# GIVEN INFORMATION:
'''

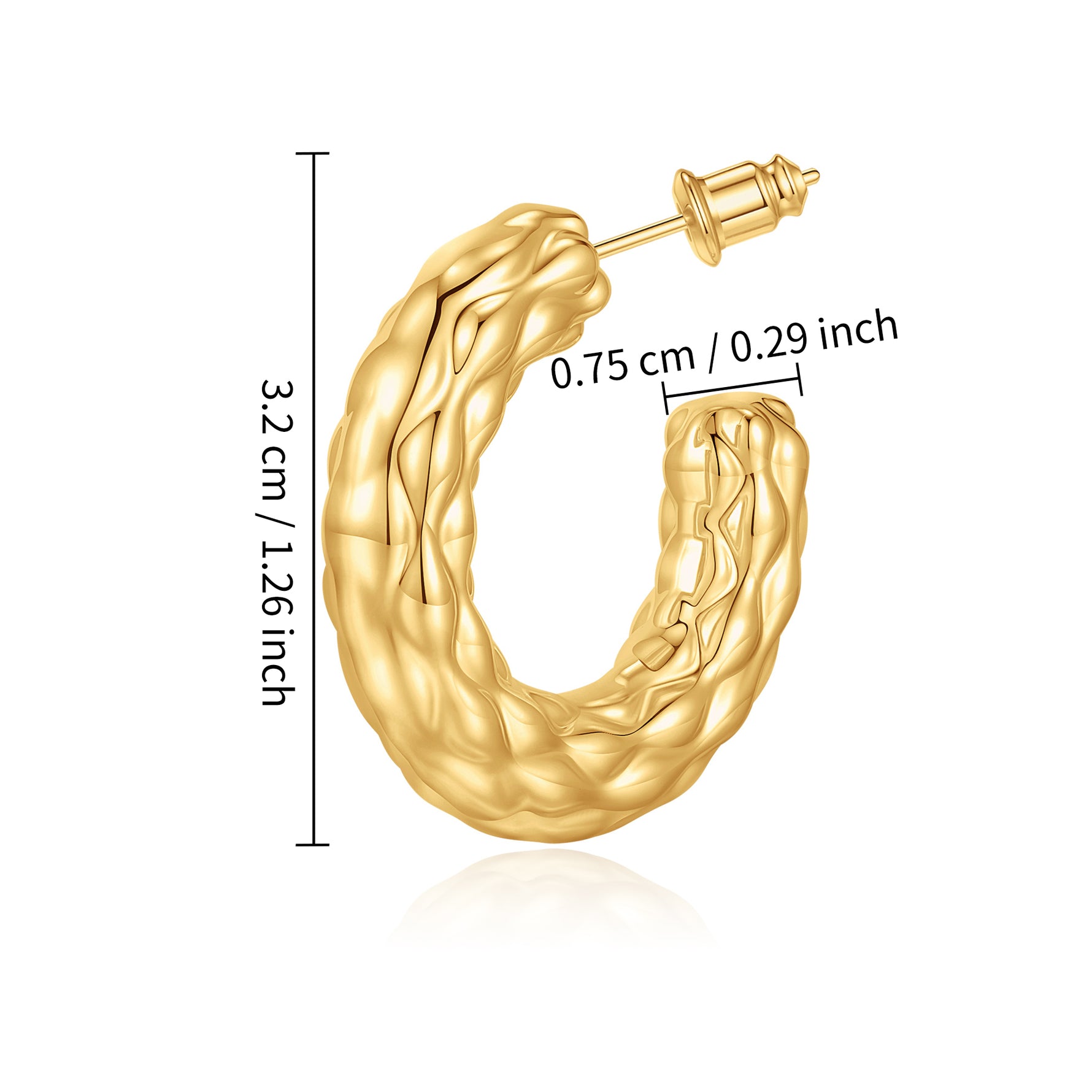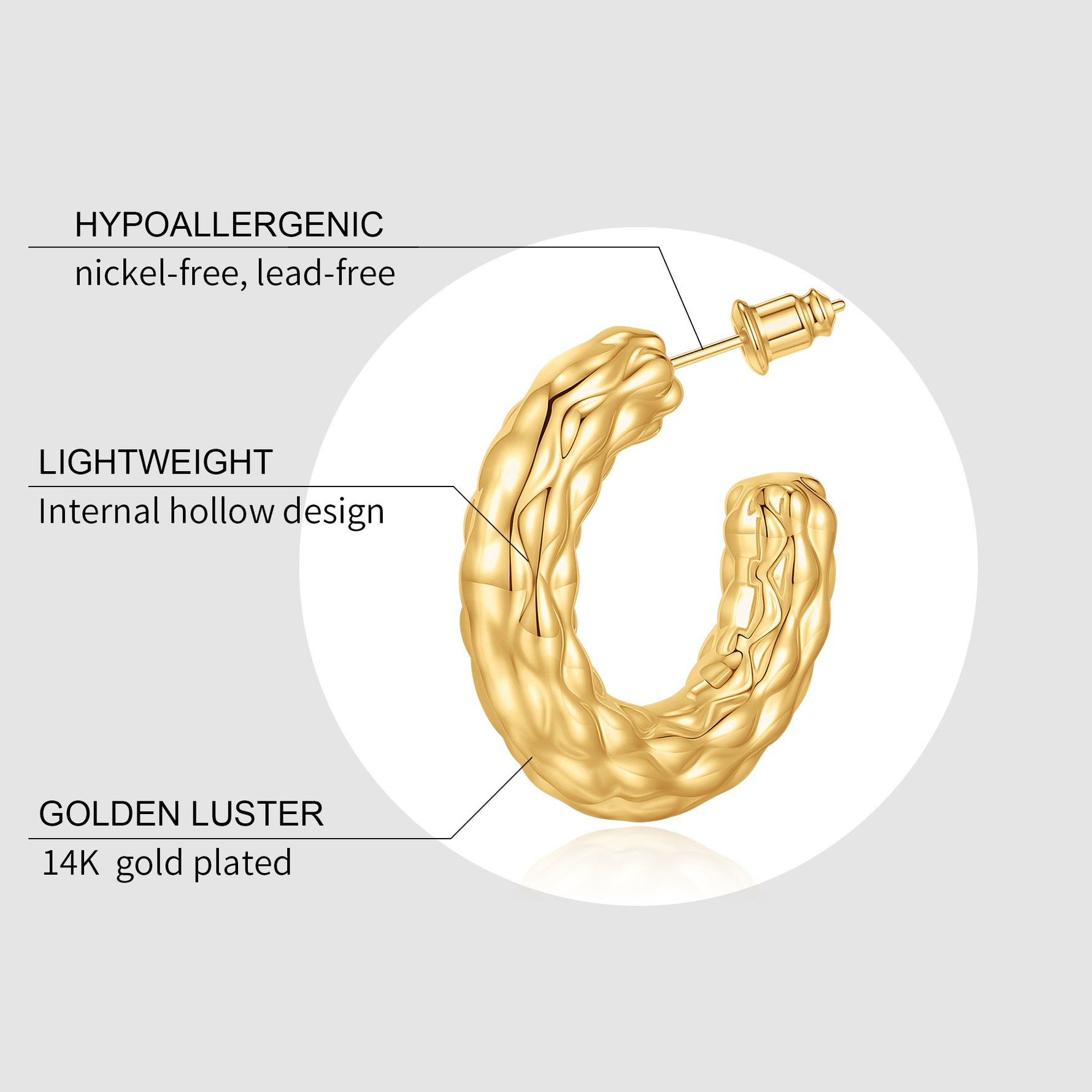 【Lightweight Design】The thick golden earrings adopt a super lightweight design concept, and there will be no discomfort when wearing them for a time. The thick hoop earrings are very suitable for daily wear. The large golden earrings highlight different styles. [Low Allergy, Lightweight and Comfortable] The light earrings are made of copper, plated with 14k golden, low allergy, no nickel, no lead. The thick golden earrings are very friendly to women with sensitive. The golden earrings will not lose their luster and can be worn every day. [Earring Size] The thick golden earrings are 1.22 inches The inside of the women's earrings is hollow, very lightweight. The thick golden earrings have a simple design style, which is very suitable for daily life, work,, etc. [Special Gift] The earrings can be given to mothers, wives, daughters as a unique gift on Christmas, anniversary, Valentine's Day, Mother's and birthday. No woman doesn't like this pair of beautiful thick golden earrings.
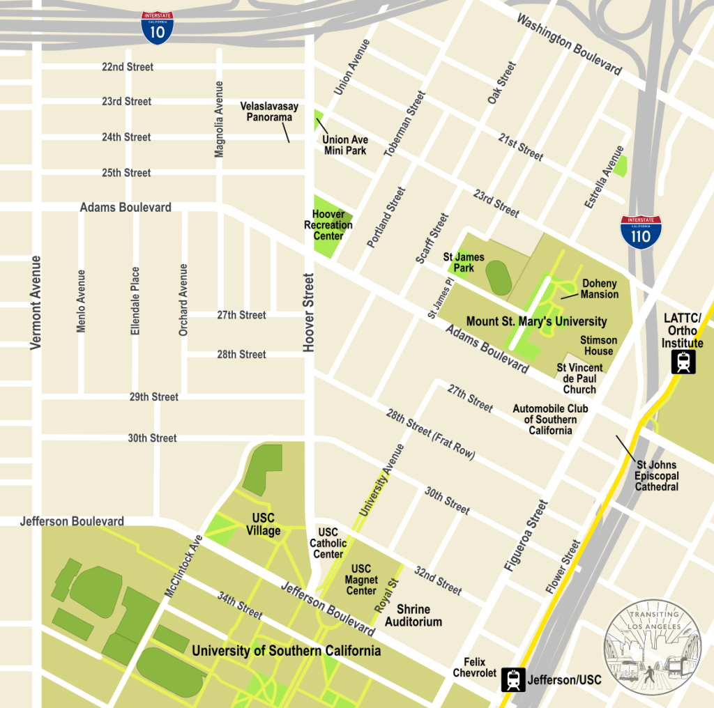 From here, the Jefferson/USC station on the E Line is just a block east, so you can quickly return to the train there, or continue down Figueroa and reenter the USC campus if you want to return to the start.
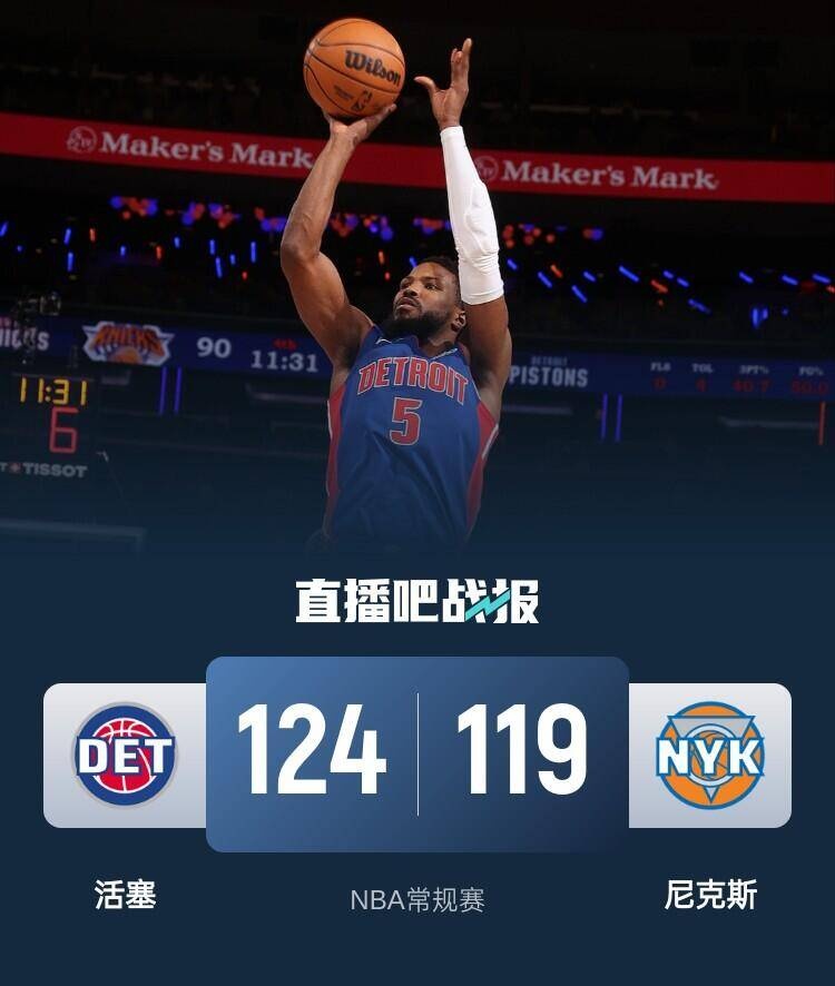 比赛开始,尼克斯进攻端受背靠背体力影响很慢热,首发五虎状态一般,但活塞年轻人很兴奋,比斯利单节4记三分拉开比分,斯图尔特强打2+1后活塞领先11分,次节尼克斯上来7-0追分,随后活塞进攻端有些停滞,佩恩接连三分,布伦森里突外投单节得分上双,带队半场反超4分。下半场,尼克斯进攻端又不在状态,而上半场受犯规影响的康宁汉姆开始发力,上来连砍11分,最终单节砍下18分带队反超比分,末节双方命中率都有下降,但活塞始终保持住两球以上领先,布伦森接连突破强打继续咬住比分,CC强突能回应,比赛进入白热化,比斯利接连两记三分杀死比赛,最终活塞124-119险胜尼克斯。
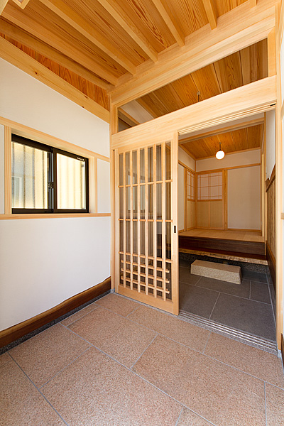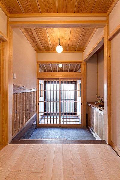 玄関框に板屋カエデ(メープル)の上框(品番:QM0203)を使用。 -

'''

# WHAT YOU WILL DO:
Please transcribe the lines from the one containing "From here, the" to the last line of the listing, both included, exactly and with nothing added, leaving every picture out.

# ANSWER TO THIS EXERCISE:
 From here, the Jefferson/USC station on the E Line is just a block east, so you can quickly return to the train there, or continue down Figueroa and reenter the USC campus if you want to return to the start.
 比赛开始,尼克斯进攻端受背靠背体力影响很慢热,首发五虎状态一般,但活塞年轻人很兴奋,比斯利单节4记三分拉开比分,斯图尔特强打2+1后活塞领先11分,次节尼克斯上来7-0追分,随后活塞进攻端有些停滞,佩恩接连三分,布伦森里突外投单节得分上双,带队半场反超4分。下半场,尼克斯进攻端又不在状态,而上半场受犯规影响的康宁汉姆开始发力,上来连砍11分,最终单节砍下18分带队反超比分,末节双方命中率都有下降,但活塞始终保持住两球以上领先,布伦森接连突破强打继续咬住比分,CC强突能回应,比赛进入白热化,比斯利接连两记三分杀死比赛,最终活塞124-119险胜尼克斯。
 玄関框に板屋カエデ(メープル)の上框(品番:QM0203)を使用。 -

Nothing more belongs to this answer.